Work order: Repeat, word for word and with nothing added, each line from the one containing "Frame Le Garcon" to the final line of the data, keeping both ends. Pictures are not part of the copy.

Input:
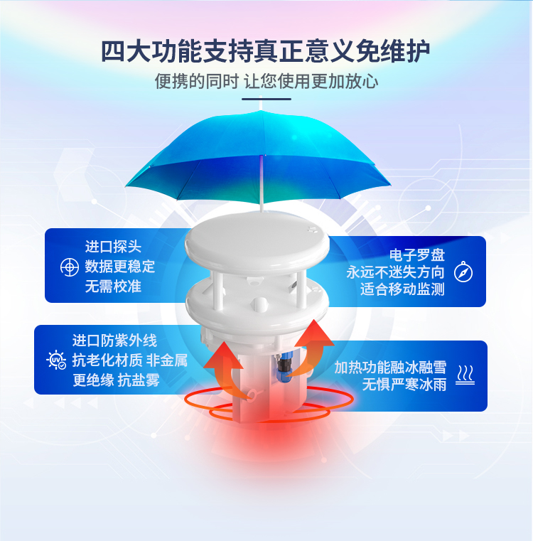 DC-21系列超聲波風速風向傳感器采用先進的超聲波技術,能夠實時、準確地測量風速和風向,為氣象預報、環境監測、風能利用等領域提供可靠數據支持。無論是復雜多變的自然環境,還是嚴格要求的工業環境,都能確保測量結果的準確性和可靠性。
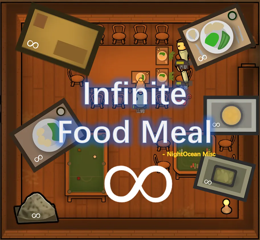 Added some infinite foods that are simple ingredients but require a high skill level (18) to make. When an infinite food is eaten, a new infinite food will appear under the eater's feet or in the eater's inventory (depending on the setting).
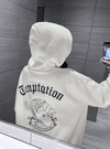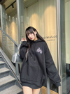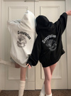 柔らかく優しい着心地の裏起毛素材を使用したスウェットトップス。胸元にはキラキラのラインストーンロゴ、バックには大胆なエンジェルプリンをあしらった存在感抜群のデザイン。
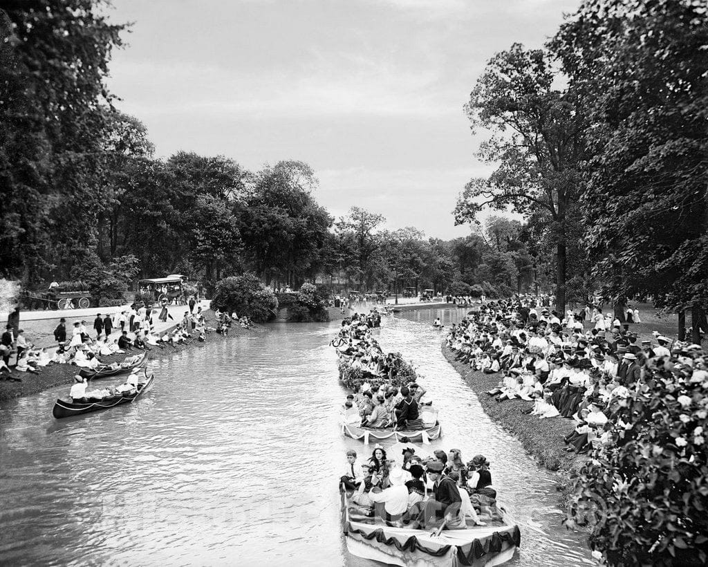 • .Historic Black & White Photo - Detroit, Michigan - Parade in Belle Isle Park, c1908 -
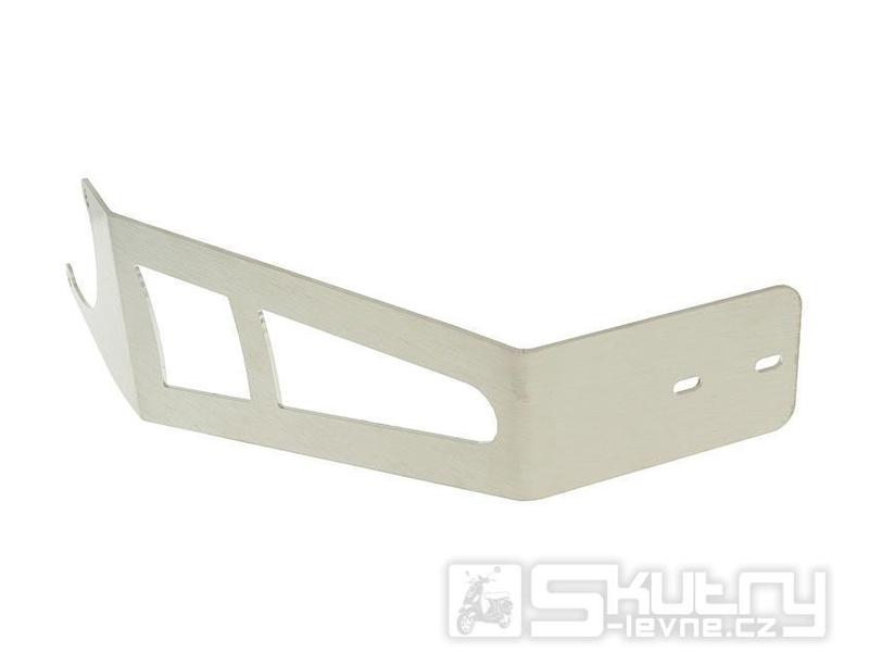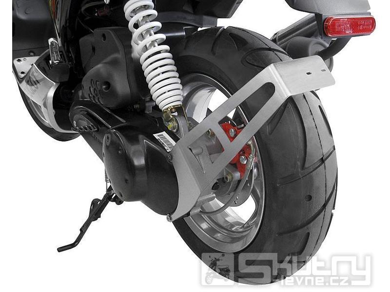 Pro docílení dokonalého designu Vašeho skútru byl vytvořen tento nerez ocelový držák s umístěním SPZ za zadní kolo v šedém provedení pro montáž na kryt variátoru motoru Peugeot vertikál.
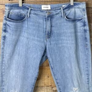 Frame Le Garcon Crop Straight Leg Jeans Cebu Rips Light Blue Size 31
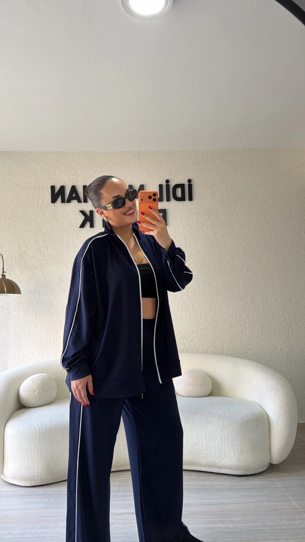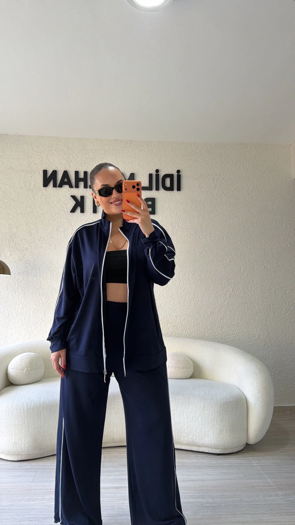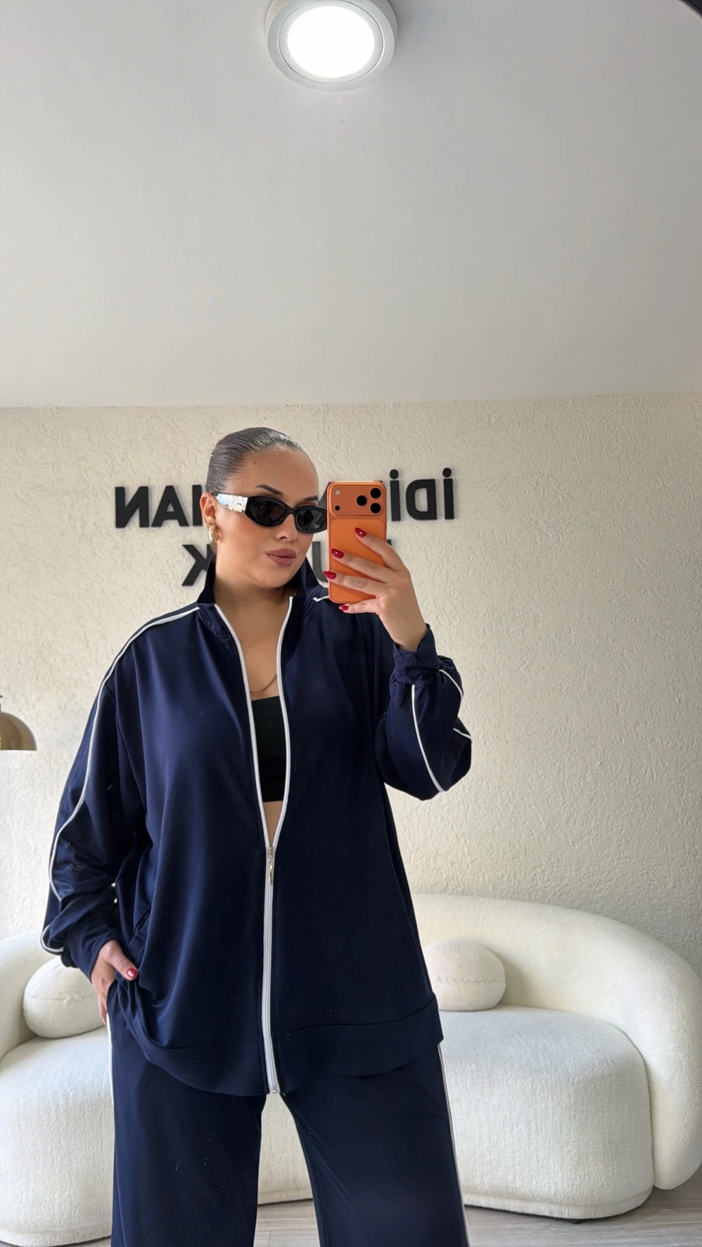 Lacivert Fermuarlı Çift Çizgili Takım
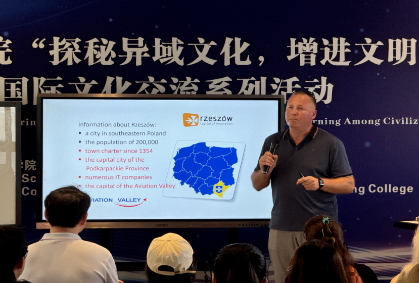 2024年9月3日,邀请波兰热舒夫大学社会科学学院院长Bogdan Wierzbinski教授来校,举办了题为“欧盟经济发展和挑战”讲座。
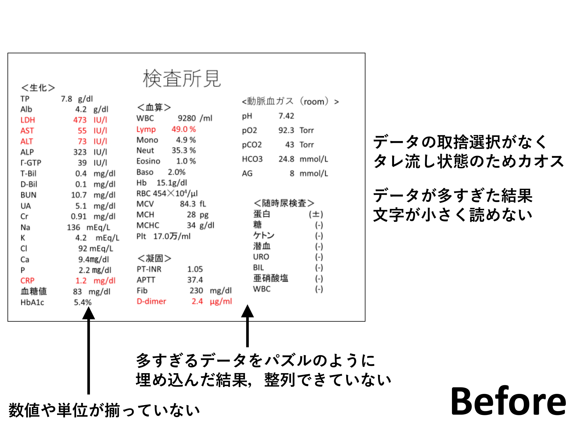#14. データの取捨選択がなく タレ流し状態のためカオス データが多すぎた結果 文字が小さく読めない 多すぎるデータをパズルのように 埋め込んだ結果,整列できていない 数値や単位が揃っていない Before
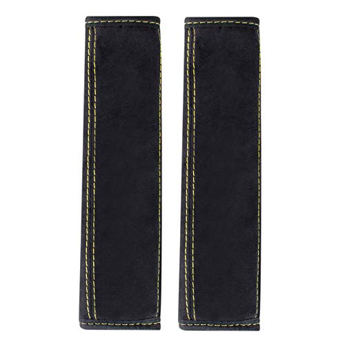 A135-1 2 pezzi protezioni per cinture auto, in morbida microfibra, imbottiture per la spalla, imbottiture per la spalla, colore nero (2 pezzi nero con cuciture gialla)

Result of this task:
 Frame Le Garcon Crop Straight Leg Jeans Cebu Rips Light Blue Size 31
 Lacivert Fermuarlı Çift Çizgili Takım
 2024年9月3日,邀请波兰热舒夫大学社会科学学院院长Bogdan Wierzbinski教授来校,举办了题为“欧盟经济发展和挑战”讲座。
#14. データの取捨選択がなく タレ流し状態のためカオス データが多すぎた結果 文字が小さく読めない 多すぎるデータをパズルのように 埋め込んだ結果,整列できていない 数値や単位が揃っていない Before
 A135-1 2 pezzi protezioni per cinture auto, in morbida microfibra, imbottiture per la spalla, imbottiture per la spalla, colore nero (2 pezzi nero con cuciture gialla)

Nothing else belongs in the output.